The fuzzy local information C-means clustering algorithm (FLICM) is an important robust fuzzy clustering segmentation method, which has attracted considerable attention over the years. However, it lacks certain robustness to high noise or severe outliers. To improve the accuracy and robustness of the FLICM algorithm for images corrupted by high noise, a novel fuzzy local information c-means clustering utilizing total Bregman divergence (TFLICM) is proposed in this paper. The total Bregman divergence is modified by the local neighborhood information of sample to further enhance the ability to suppress noise, and then modified total Bregman divergence is introduced into the FLICM to construct a new objective function of robust fuzzy clustering, and the iterative clustering algorithm with high robustness is obtained through optimization theory. The convergence of the TFLICM algorithm is proved by the Zangwill theorem. In addition, the validity of the TFLICM algorithm applied in noise image segmentation is explained by means of sample weighting fuzzy clustering. Meanwhile, the generalized total Bregman divergence unifies the Bregman divergence with the total Bregman divergence and enhances the universality of the TFLICM algorithm applied in segmenting complex medical and remote sensing images.

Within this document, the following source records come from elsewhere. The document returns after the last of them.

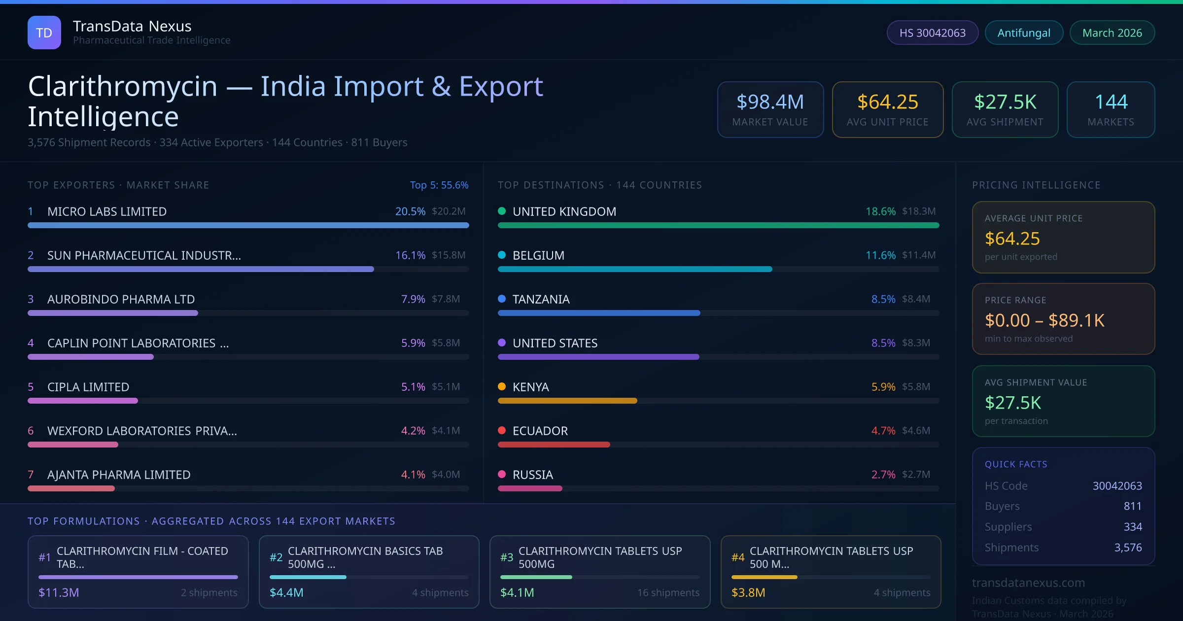 Between 2022 and 2026, India exported $98.4M worth of clarithromycin across 3,576 verified shipments to 144 countries — covering 74% of world markets in the Antibiotics segment. The largest destination is UNITED KINGDOM (18.6%). MICRO LABS LIMITED leads with a 20.5% share. All figures are drawn from Indian Customs (DGFT) shipping bill records spanning four years of trade activity.
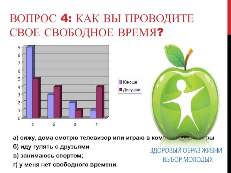 2) Большинство опрошенных подростков предпочитает проводить свободное время дома, а меньшинство опрошенных подростков проводят свободное время, гуляя с друзьями. Но самым печальным является то, что женская часть опрошенных не изъявляет желания заниматься спортом. Это говорит о том, что девушки и юноши имеют разные предпочтения в проведении свободного времени.
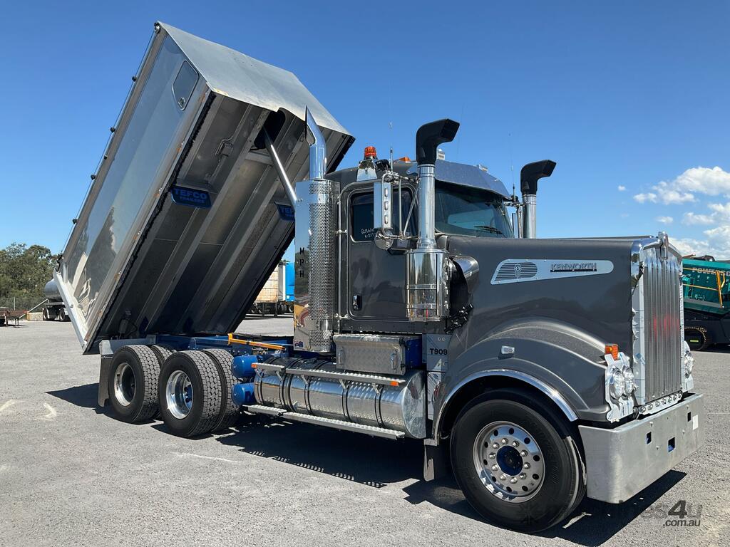 CP: 02/2022,Built: 01/2022,Kenworth,T909,Tipper Day Cab,Manual,Airbag,Engine #: 80370615,Cummins,6 Cyl,Diesel Turbo,18 Gears,8278 (Kms. Showing on Odometer),167 (Hrs. Showing on Hour meter),Colour: Grey,Unregistered,VIN: 6F5000000NA472992,Key No: 323E,Length: 8 m,GVM: 26500,GCM: 97000,Sold with No Plates,Key No: 323E

Some experimental results show that the TFLICM algorithm can obtain better segmentation quality and stronger anti-noise robustness than the existing FLICM algorithm. (C) 2020 Elsevier B.V. All rights reserved.
机译:模糊本地信息C-Means聚类算法(FLICM)是一种重要的强大模糊聚类分割方法,这些分割方法在多年来引起了相当大的关注。但是,它对高噪音或严重异常值缺乏某些稳健性。为了提高由高噪声损坏的图像损坏的FLICM算法的准确性和稳健性,本文提出了一种新的模糊本地信息C-MEARE集群利用总BREGMAN发散(TFLICM)。通过样本的本地邻域信息来修改总Bregman分歧,以进一步增强抑制噪声的能力,然后将修改的总Bregman发散引入FLICM以构建鲁棒模糊聚类的新客观函数,以及迭代聚类算法通过优化理论获得高稳健性。 Zangwill定理证明了TFLICM算法的收敛。另外,通过样本加权模糊聚类解释噪声图像分割中应用于噪声图像分割的TFLICM算法的有效性。同时,广义的总Bregman分歧统一促使Bregman发散的差异性偏差,增强了在分段复杂的医疗和遥感图像中应用的TFLICM算法的普遍性。一些实验结果表明,TFLICM算法可以获得比现有的FLICM算法更好的分割质量和更强的抗噪声鲁棒性。 (c)2020 Elsevier B.V.保留所有权利。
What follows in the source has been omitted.